The Reserve Bank of India did not cut its key policy rate -- repo rate -- on Wednesday but has made policy changes that ensure new home loans will become cheaper.
The expectation of cheaper home loan is because the RBI has reduced the standard assets provisions on individual housing loans to 0.25 percent and also lowered the risk weights on such lending.
"As a countercyclical measure, the LTV (loan to value) ratios, risk weights and standard asset provisioning rate for individual housing loans" have been reviewed from today, the RBI said in the second bi-monthly policy statement.
The standard asset provisions, or the amount of money to be set aside for every loan made, has been lowered to 0.25 percent from the earlier 0.40 percent, which will help reduce the interest rates on home loans.
It also eased the risk weights for certain categories of loans, which will help banks on the capital adequacy front, and enable them to make more loans.
The risk weight for individual housing loans above Rs 75 lakh has been reduced to 50 percent from the earlier 75 percent, while for loans between Rs 30 and Rs 75 lakh, a single LTV ratio slab of up to 80 percent has been introduced with a risk weight of 35 percent.
RBI Governor Urjit Patel explained that this is a part of the central bank and the government attempts of "targeted interventions" to help prop-up the sagging growth numbers.
The central bank also cut statutory liquidity ratio (SLR) for banks to 20 percent. The SLR is the proportion of deposits banks need to invest in government securities gold.
Reacting to the RBI's measures, bankers said the home loan rates are bound to fall.
According to Bank of India MD Dinabandhu Mohapatra, the reduction in statutory liquidity ratio by 50 basis points effective June 24 will facilitate banks to meet the LCR requirement of 100 percent comfortably by 1 January 2019.
However, this measure will not have an impact on credit offtake as banks are already in a situation of excess SLR in spite of sluggish credit growth at 5.7 percent, he said.
"The reduction in risk weights and standard asset provisioning on certain categories of housing loans will lower housing loan rates and increase housing loan portfolio of banks," he said.

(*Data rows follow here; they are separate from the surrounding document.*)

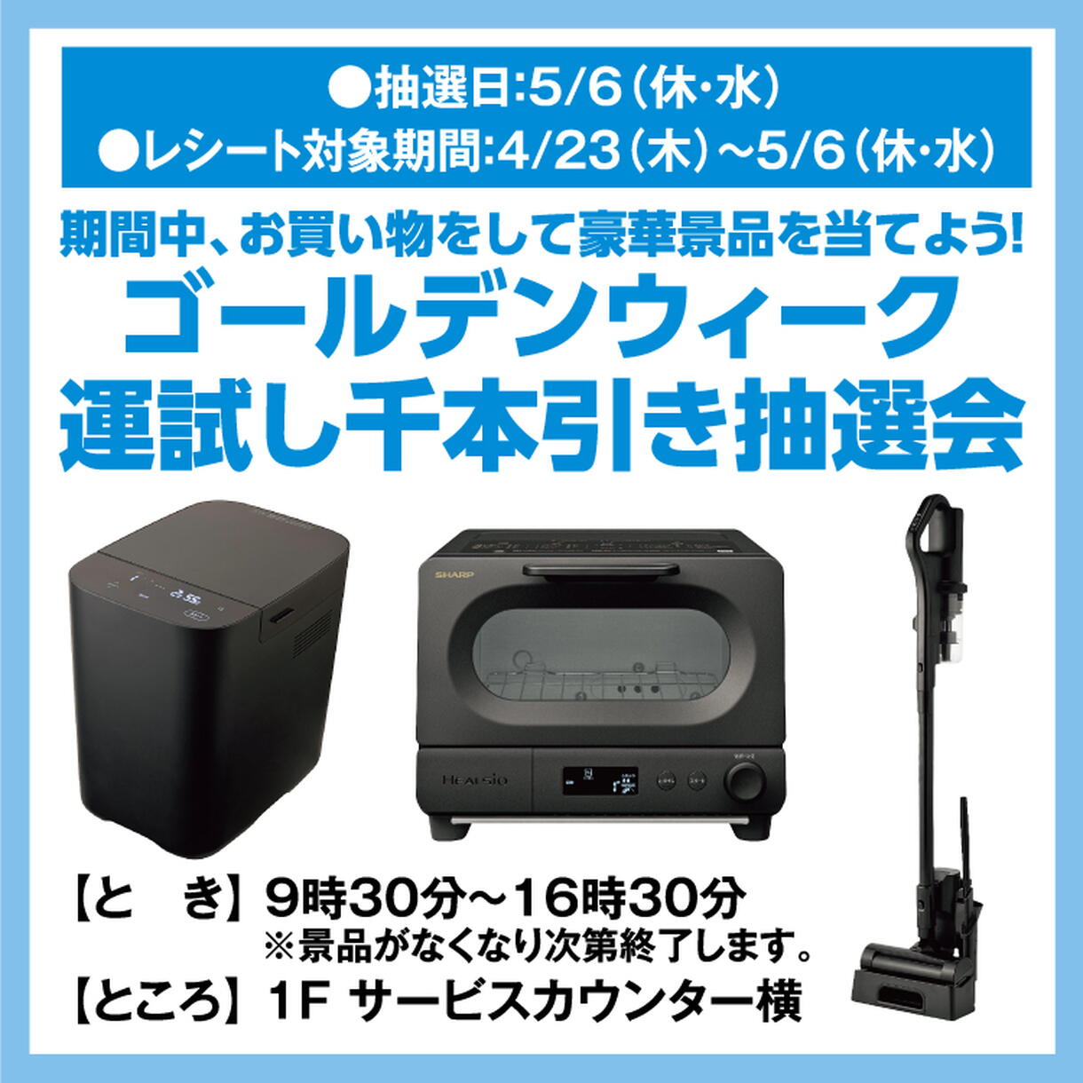 期間中、お買い物をして豪華景品を当てよう! ゴールデンウィーク 運試し千本引き抽選会
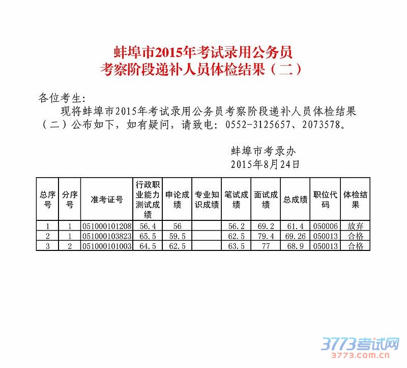 [图文]2015年安徽蚌埠市公务员考察阶段递补人员体检结果(二)
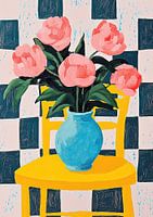 Een gouache schilderij van roze pioenrozen in een blauwe vaas op een gele stoel, met een geblokte achtergrond, minimalistische penseelstreken, gedurfde vormen en patronen en handgeschilderde details in roze, wit, zwart, blauw en groen.
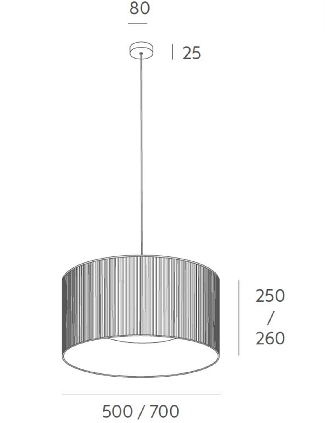 Lámpara colgante In Translucent, pantalla plisada, disponible en dos tamaños: 50/70 cm.
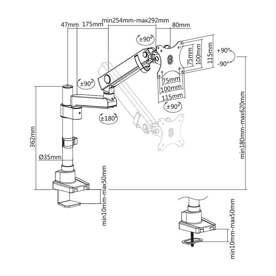Monitor desk mount single
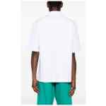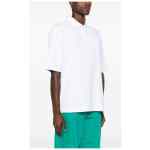 white organic cotton jersey texture logo patch at the sleeve polo collar short sleeves short side slits straight hem short front button fastening Logo cotton polo shirt
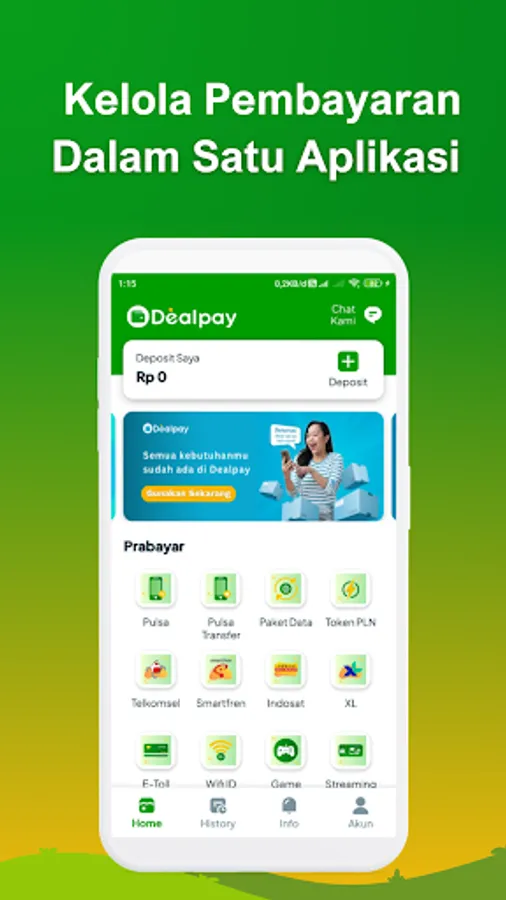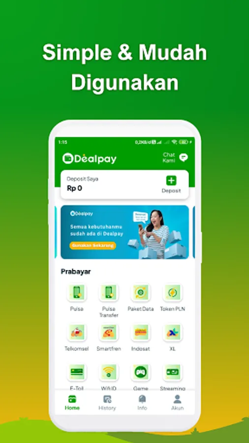 DealPay is an application for ordering credit, internet quota for all operators, and paying bills by providing convenience and competitive prices.
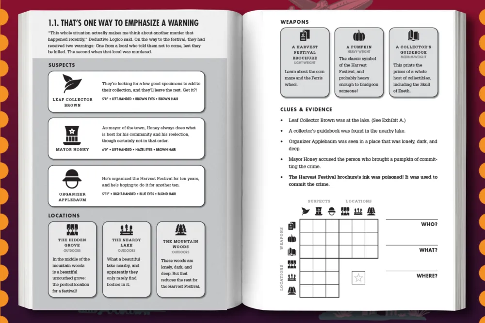 Each puzzle tasks Logico—and you!—to crack a murder case with a list of suspects, weapons, locations, and clues. Using deductive reasoning to complete a simple logic grid, you’ll determine each killer by process of elimination. Will you discover the rational explanations behind each of these seemingly supernatural stories? Or will you have to admit that some mysteries cannot be explained?
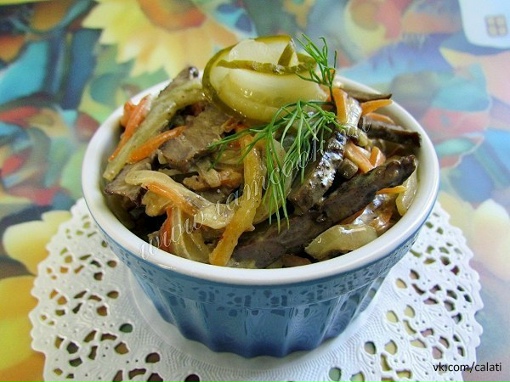 Салат из говяжьей печени, готов. Приятного аппетита и смачных для вас тестов!
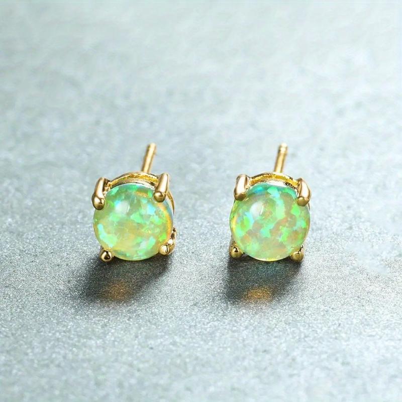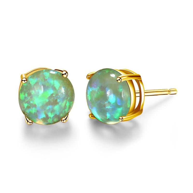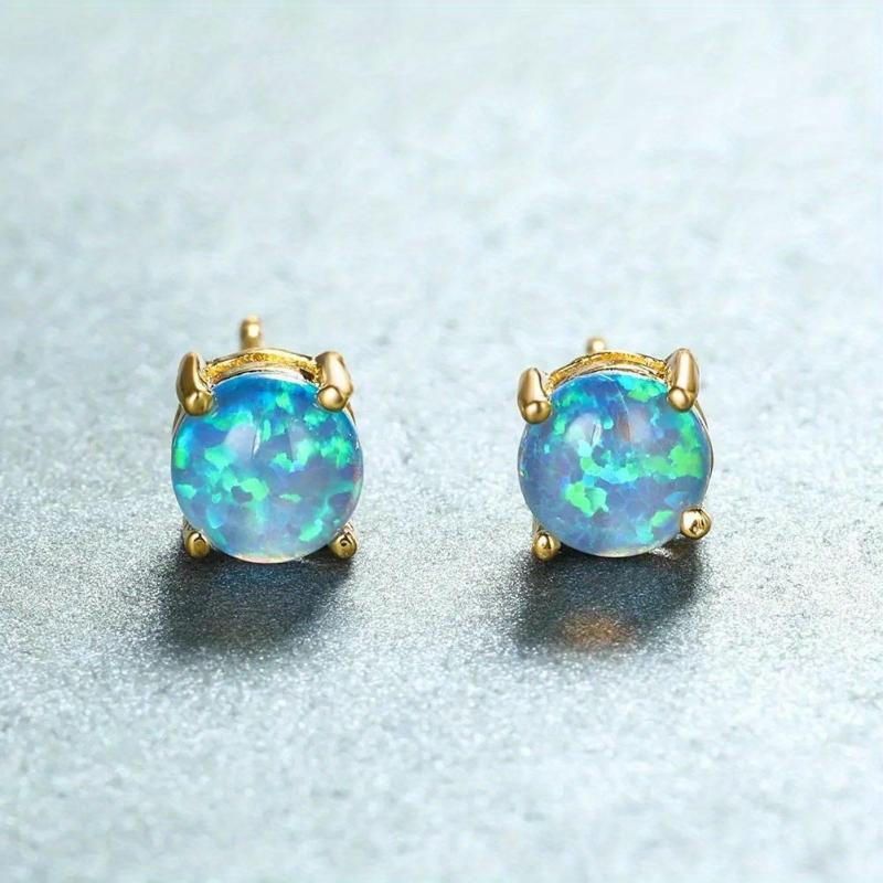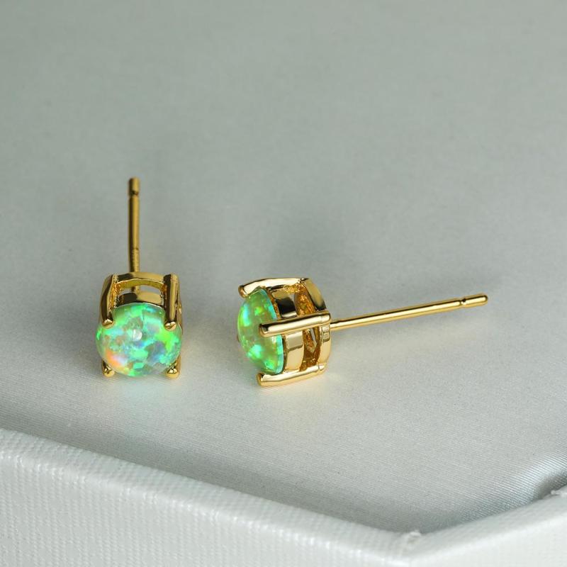 These oval shaped synthetic opal stud earrings are elegantly adorned with golden plating, making them a perfect accessory for women of all ages.
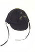 Doublé, visière rigide, liens à nouer au menton, élastique dans la nuque, tour de tête 43cm.
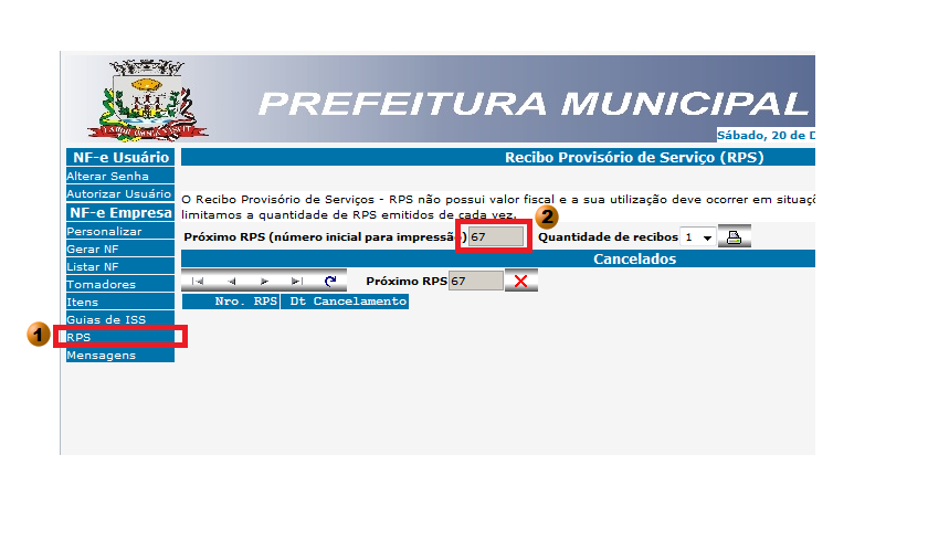 - Anote o número da próxima RPS, à direita, em seguida informe-o no sistema quando solicitado
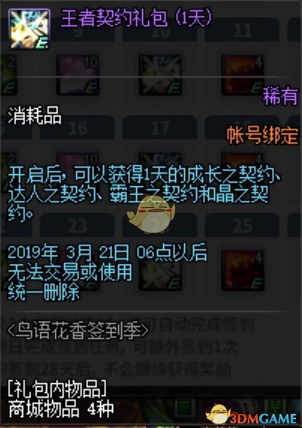 第三天是一个1天的王者契约礼包,这也是每一期必备的东西,没啥好说的。
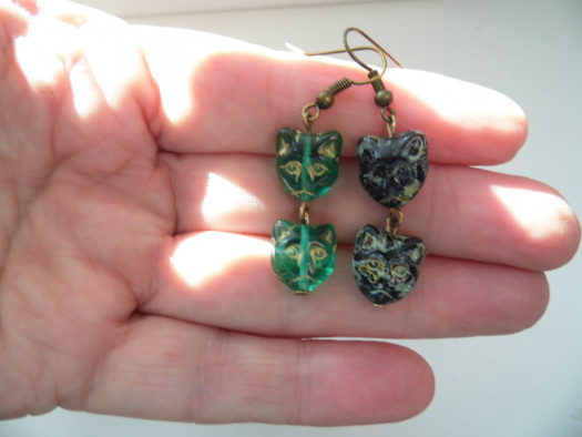 náušnice visací - 2x2ks korálek skleněný hlavy kočičkek dvou různých barev
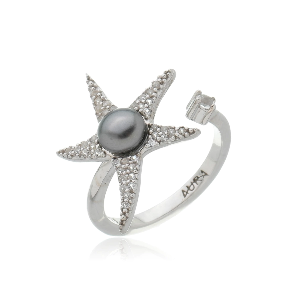 Seu destaque é uma estrela do mar cravejada com brilhantes topázios incolores, que adicionam um toque vibrante.
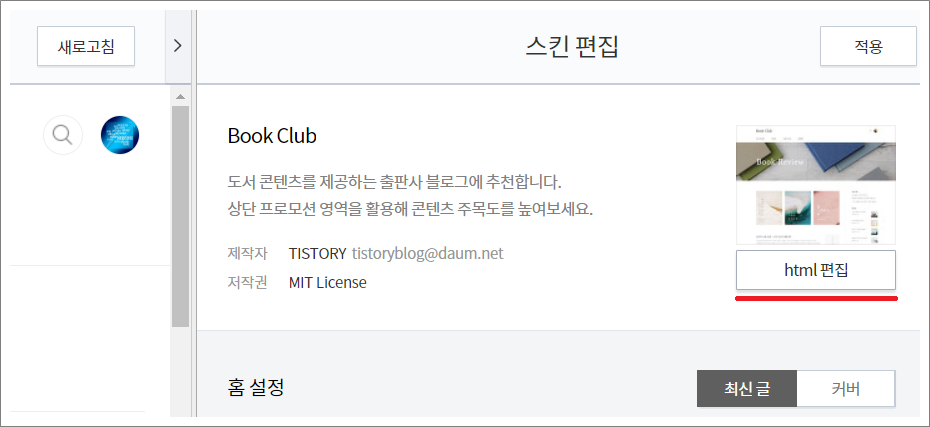 ⑤. html 편집 선택합니다.
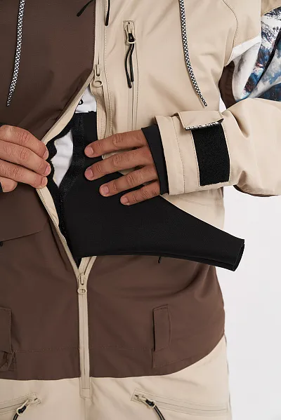 - Съемная деталь под крюк кайтовой трапеции. К комбинезону крепится съемная деталь под крюк трапеции из водонепроницаемой ткани. Она надежно защищает от попадания внутрь комбинезона снега и влаги, а главное - ветра, который является необходимым условием для занятия сноукайтингом.
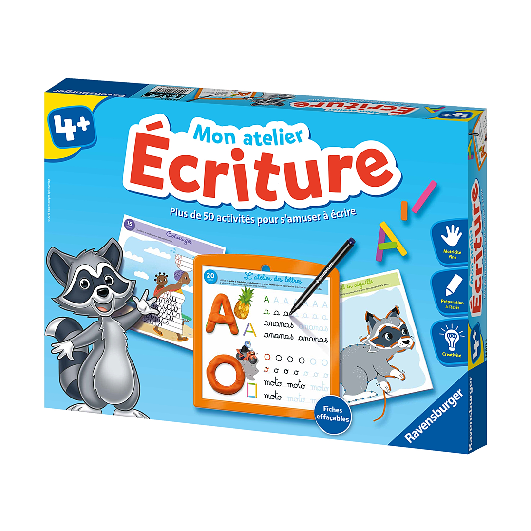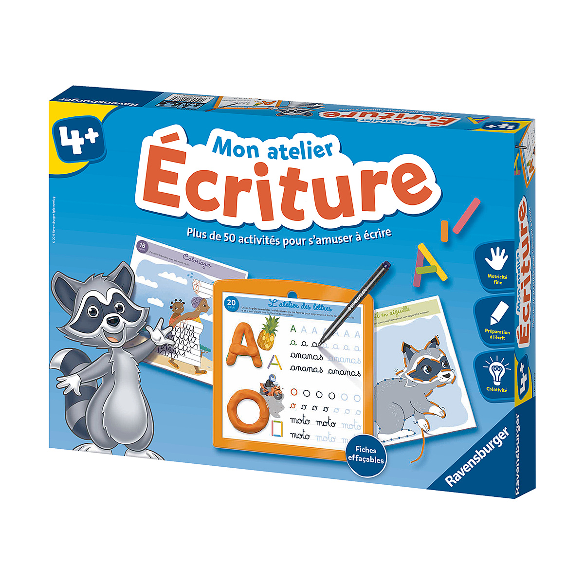 | Plus produit | Plus de 50 activités pour s\'amuser à écrire ! Conçues avec des enseignants et inspirées de la pédagogie Montessori, les activités favorisent les expériences de manipulation et le jeu en autonomie. Grâce à un système astucieux de planches à onglets numérotés, les enfants découvrent la richesse des activités et des thématiques. L\'atelier Ecriture rassemble dans un coffret plus de 50 activités ludiques, originales et créatives, pour initier lenfant aux gestes de lécriture tout en s\'amusant ! Ce jeu favorise la motricité fine, la préparation à l\'écriture et la créativité. Ce format à été pensé pour être simple à ranger ! Les enfants découvrent un matériel riche, coloré, un système astucieux de fiches numérotées et des illustrations joyeuses. Au fil des fiches, les enfants perfectionnent l\'apprentissage de l\'écriture avec différentes activités : les graphismes, les coloriages, l\'atelier des chiffres, la dictée muette, entre les lignes... Contenu: 1 support, 24 fiches effaçables (recto verso), 1 feutre effaçable, 1 éponge, 4 planches à trous, 3 lacets, 1 rouleau de pâte à modeler, 42 bâtonnets, 10 feuilles, 1 notice. Ce produit est composé de matériaux issus de forêts bien gérées certifiées FSC®, de matériaux recyclés et de matériaux issus dautres sources contrôlées (FSC-C111262). Ce coffret s\'accompagne d\'une collection entière pour les enfants dès 4 ans. Le coffret \'Premiers mots\' ou \'le jeu du corps humain\' avec un appareil radiologique pour tout connaitre sur le corps humain. Retrouver pour chaque âge de 2 à 5 ans une multitude de jeux basés sur les notions essentielles et sur des connaissances à acquérir. |

"Reduction in the risk weights on certain categories of the housing loans is indeed a positive signal. Since retail loans are only showing signs of growth and housing loan segment, which is the major sector of retail, reduction in LTV ratio, risk weights and standard assets provisioning would spur up growth in this segment," Central Bank of India Chairman Rajeev Rishi said.
Welcoming the decision of RBI, ICICI Bank MD and CEO Chanda Kochhar said the SLR cut and reduction in risk weights for housing loans are positive moves that will support bank liquidity and encourage growth in housing loans.
According to Govind Sankaranarayanan, Chief Operating Officer Tata Capital, the decision to reduce the risk weight on housing finance for properties Rs 30-75 lakh should help reduce the burden borne by financers through capital costs and lay the platform for a rate cut in the future.
Real estate developers, meanwhile, hailed the RBI's move.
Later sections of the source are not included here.